India’s Yes Bank said third-quarter net profit more than quadrupled, helped by a drop in loan-loss provisions and healthy growth in loans, but the result still fell short of expectations.
The Mumbai-based private lender’s standalone net profit rose to Rs 231 crore ($27.8 million) in the three months ended Dec 31, it said on Saturday.

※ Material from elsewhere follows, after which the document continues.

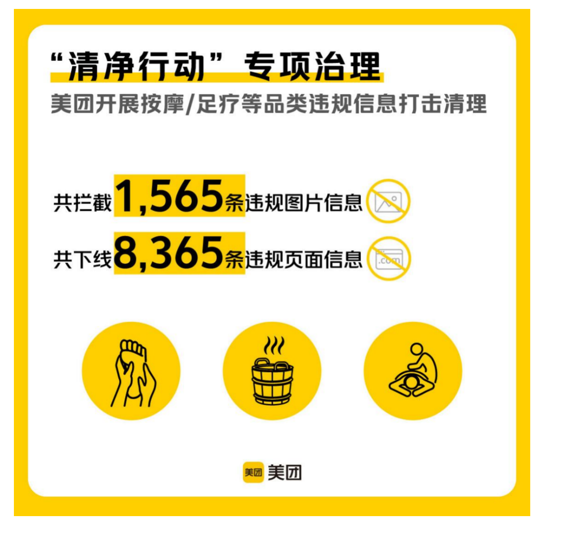 数据显示,美团此次针对足疗按摩品类的“清净行动”专项治理工作,已拦截1,565条涉低俗或诱导的违规图片信息,清理下线8,365条违规商品/店铺页面信息。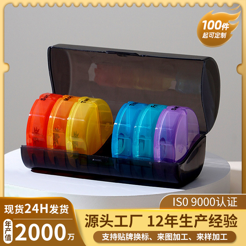 厳選された人気の丸型14コンパートメント薬箱、ポータブル旅行用1週間薬箱、カラフルな薬箱、ポータブル薬ディスペンサー

That was up from Rs 51.52 crore in the same period a year earlier.
Analysts, on average, had expected a net profit of Rs 343 crore, according to LSEG data.
YES Bank took a sharp hit on its third-quarter profit last year, as it set aside more provisions on its balance sheet after transferring bad loans to private equity firm J.C. Flowers.
Its net interest income, the difference between the interest earned on loans and that paid to depositors, rose 2.33 per cent to Rs 2017 crore.
The net interest margin, a key indicator of a bank’s profitability, fell to 2.4% from 2.50% a year earlier, and the 2.30% reported in the prior quarter.
Most Indian private lenders, including HDFC Bank and ICICI Bank, have reported a drop in lending margins for the fiscal third quarter as deposits got re-priced higher amid tightened banking system liquidity.
Yes Bank’s net advances grew 11.8% on year to Rs 2.18 trillion ($26.23 billion), led by retail loans, while deposits rose 13.2%.
Its gross non-performing asset (NPA) ratio was at 2% at the end of December, unchanged from the end of the previous quarter.
Provisions and contingencies, net of recoveries made against loan accounts written off as bad, fell to Rs 555 crore from Rs 845 crore a year earlier.
Shares of YES Bank ended 0.8% higher on Thursday ahead of the results. Friday was a public holiday in India.